Okay, so I’ve said my piece about Assassin’s Creed III. Now for a bigger problem made apparent
here. The Globe is challenging ACIII for
failing to be something society wants, but the designers never intended it to
be. This mysterious thing is called “edutainment.”
While the word is an ugly corruption of entertainment with education, it refers
to struggling offshoot of interactive software development that attempts to
make learning fun. While there are some
successes in this endeavour, the genre as a whole struggles to find support
from either the education tool purchasers or the game players, keeping a tight
lid on its growth. Is it any wonder,
then, that Ubisoft decides to make money (its unstated objective) by making
something very different than education software?
Edutainment is a deeply desired commodity for society. The Internet is riddled with “Best
Edutainment” lists, every bit as much as the “Best Video Games” lists that
dominate YouTube. Consider this one by
Emily Gera on GamesRadar. Extra Credits has also touched on the demand here. There’s also teasing news that one of the
oldest classics in the genre, Carmen
Sandiego, may be coming to the big screen.
Everywhere you look there is evidence that edutainment is still on the rise. The Globe has merely fallen into a trap,
assuming that the ambitions of Ubisoft and Assassin’s Creed III were the
same. But consider the nature of
edutainment.
The original Carmen Sandiego was released in 1985, and
is only just now going Hollywood in 2012, taking 27 years to win mass-media
acceptance (if mass-media acceptance can be judged based on getting a Hollywood
picture out of it). The Mario Bros
launched in arcades in 1985 and have been to the Silver Screen
in 1993, after only eight years. Other titans of gamer culture that have made
to the movies include Street Fighter (vg II 1991, movie 1994),
Mortal Kombat (vg
1991, movie
1995), and Double Dragon (vg
1987, movie
1994). I never said any of these were
good, but the pattern is pretty clear; video game licenses get made into movies
much earlier than edutainment (so far).
This is genuinely too bad; Oregon
Trail (1971) has the makings of a better movie than Resident Evil (vg 1996, movie 2002)
ever did. But it does speak to popular
culture`s preferences; that when Hollywood goes looking for new characters to
make into movies, they look to popular junk food entertainment media, and sell
it. That last bit is important too, for
when consumers are bored and looking for something to do, we look to that
popular junk food entertainment where better edutainment may be on offer. It`s just how the culture operates.

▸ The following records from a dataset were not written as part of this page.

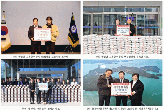 22일 고흥군에 따르면 sk텔레콤 고흥지점 직원(조수인) 300만 원, 법무부 청소년 범죄예방 고흥지구 회장(조광영) 200만 원, 대정이엔씨 200만 원, 백두산건설 백미 10kg 200포(500만 원 상당), 오성건축자재 쿠키·오란다 과자 각 100개(590만 원 상당), 혜은농원 무김치 900kg과 김장용 생무 3톤(700만 원 상당), 거성산업건설과 식당 돈돈 300만 원을 기탁했다고 전했다.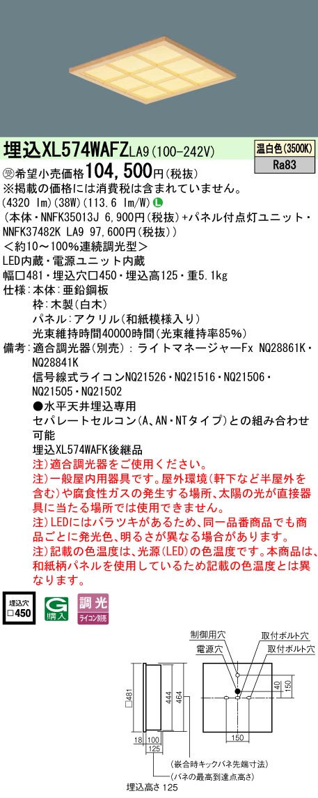 ◆注)記載の色温度は、光源(LED)の色温度です。本商品は、和紙柄パネルを使用しているため記載の色温度とは異なります。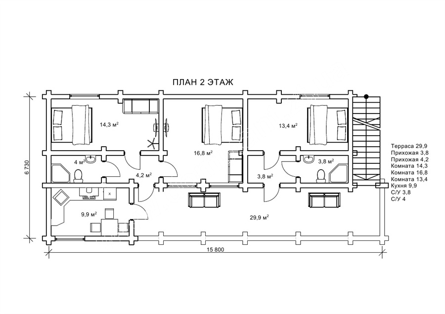 Що стосується внутрішнього планування, то два поверхи готелю передбачають номери з санвузлами, що забезпечує винятковий комфорт всім мешканцям. На кожному поверсі спланована кухня, і це дуже зручно для тих гостей, хто бажає влаштувати вечерю в номері або на балкончику, щоб не ходити в головний ресторан на території бази відпочинку. Просторі тераси і балкони прикрашають фасади готелю, пропонуючи ще більше місця для дозвілля гостей на свіжому повітрі. Сходи сплановані зовні, щоб не займати корисну площу всередині готелю.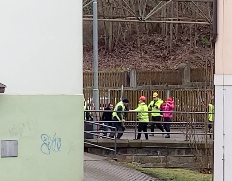 Rvačka těsně před startem bourání Textilany. Nezvládnuté emoce na chvíli odvedly pozornost od ramena bouracího bagru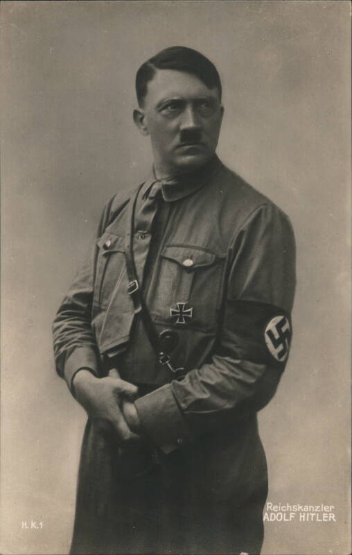 | Three-quarter length studio portrait of Adolf Hitler looking to the right. He is wearing a uniform with a Sam Browne belt, an Iron Cross medal on his left breast pocket, and a swastika armband on his left sleeve. Text at bottom right reads "Reichskanzler ADOLF HITLER". The reverse features a handwritten message in German dated May 3, 1933, from Halle. |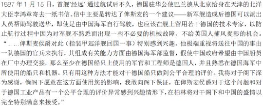 期间,德国首相俾斯麦担忧英国的贬低影响德国军舰的出口,他命令海军部监督经远级的建造,并建议由德方人员驾驶返华,避免操作故障损害德国军舰的声誉。李鸿章接受提议,接舰时安排德籍技术员随行。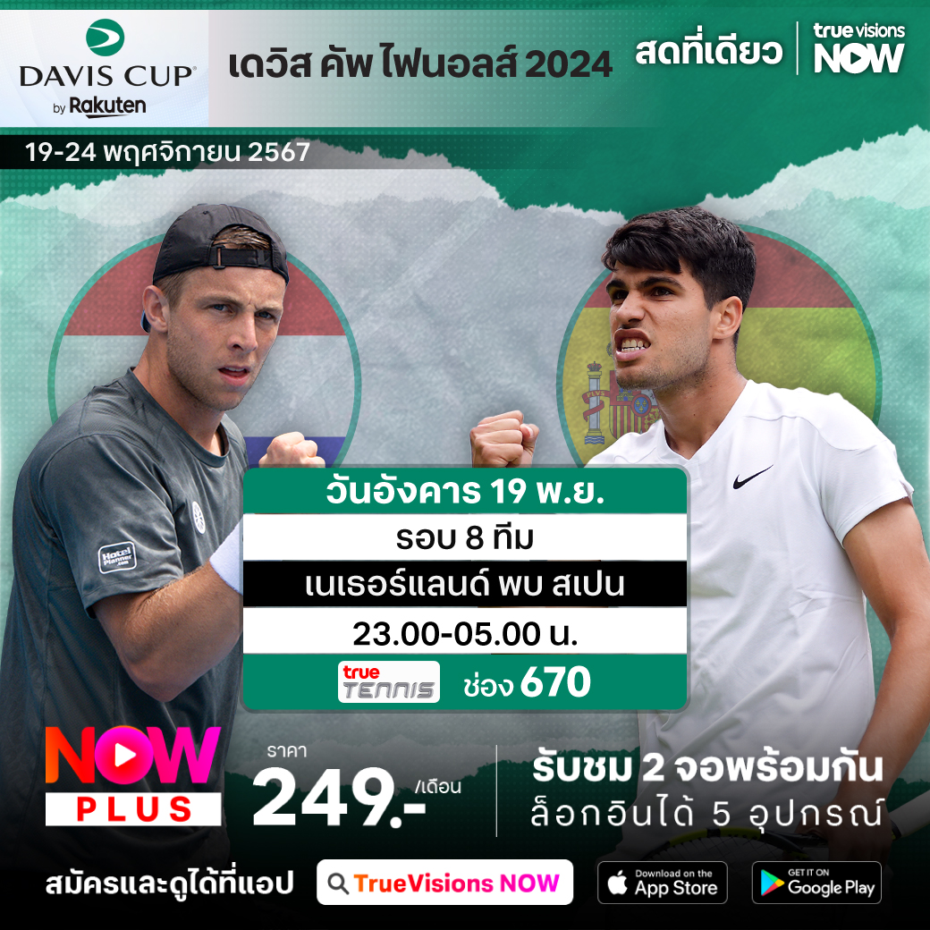 Netherland vs Spain 23.00 - 05.00 ทางช่อง True Tennis (670)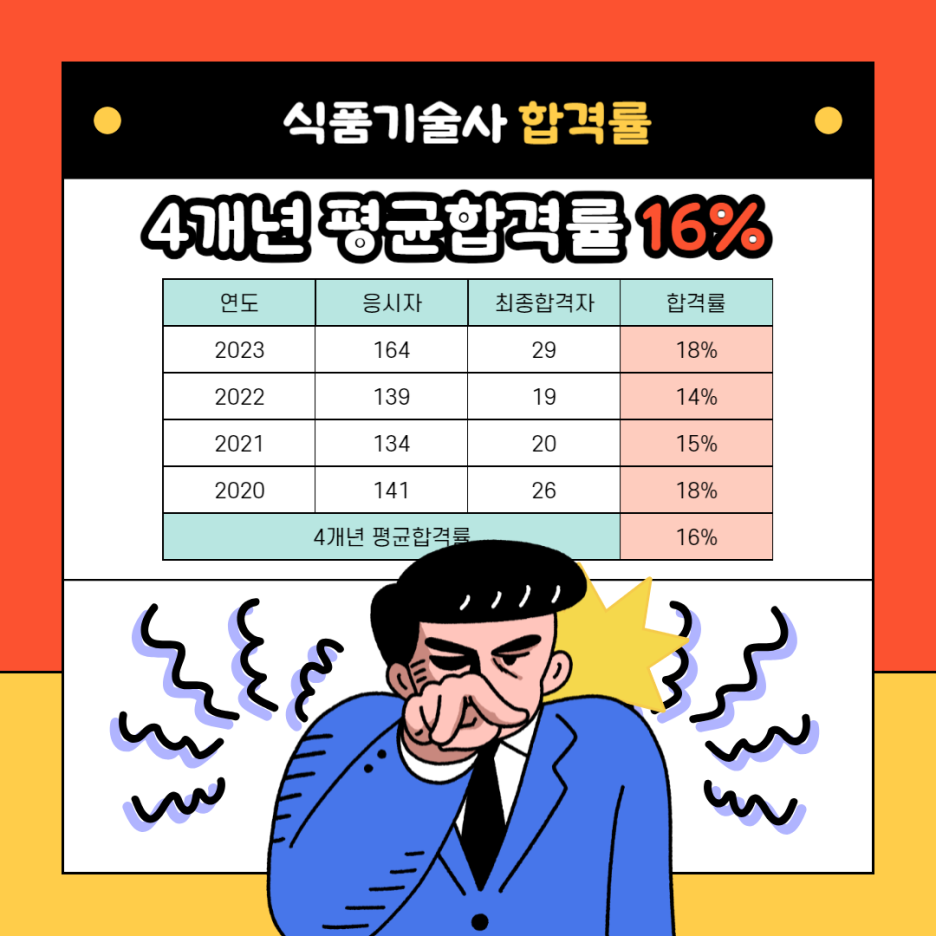 식품기술사의 합격률은 그렇게 높지 않은, 굉장히 까다로운 시험입니다.
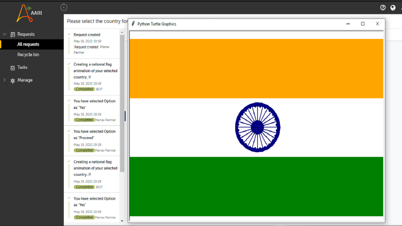 -> if you want to experience AARI-Desktop then please run the AARI master bot Named: Flag_Animation_Master_Bot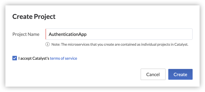 - Enter the project's name as 'AuthenticationApp' in the pop-up window.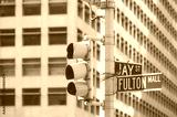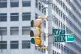 Traffic lights and road signs at Jay and Fulton Street, color toning applied, New York City, USA.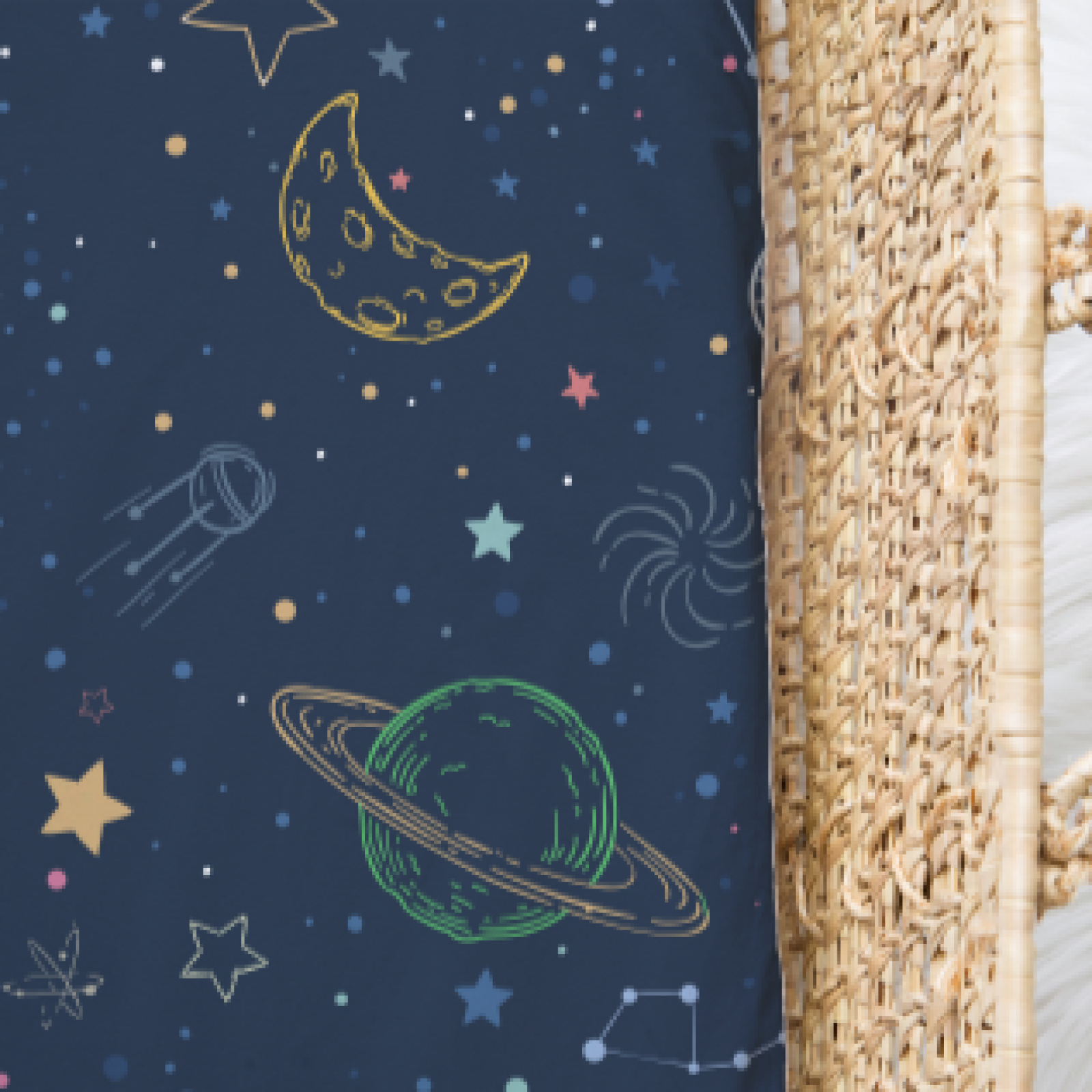 Our fitted bassinet sheets/change mat covers are made from GOTS certified 95% bambo viscose and 5% elastane. Each sheet is made to fit standard sized change mat covers and bassinets, and fold the edges down to have them snugly fit your Moses basket too. Being made from a 4-way stretch material with an elastic enclosed seam it means our fitted bassinet sheets/change mat covers are completely versatile.

If the Globe is looking for a bright spot in its game
reviewing column, then it should look aside to these great edutainment
titles. But they won`t; it`s much easier
to spin an editorial out of misplacing and misinterpreting things than getting
them right. I`ve as much as said
Assassin`s Creed III will be junk food entertainment; I`m going to stand by
that characterisation. I also will not
be making the mistake of looking to ACIII for historical accuracy, though I
expect we haven`t heard the last of this.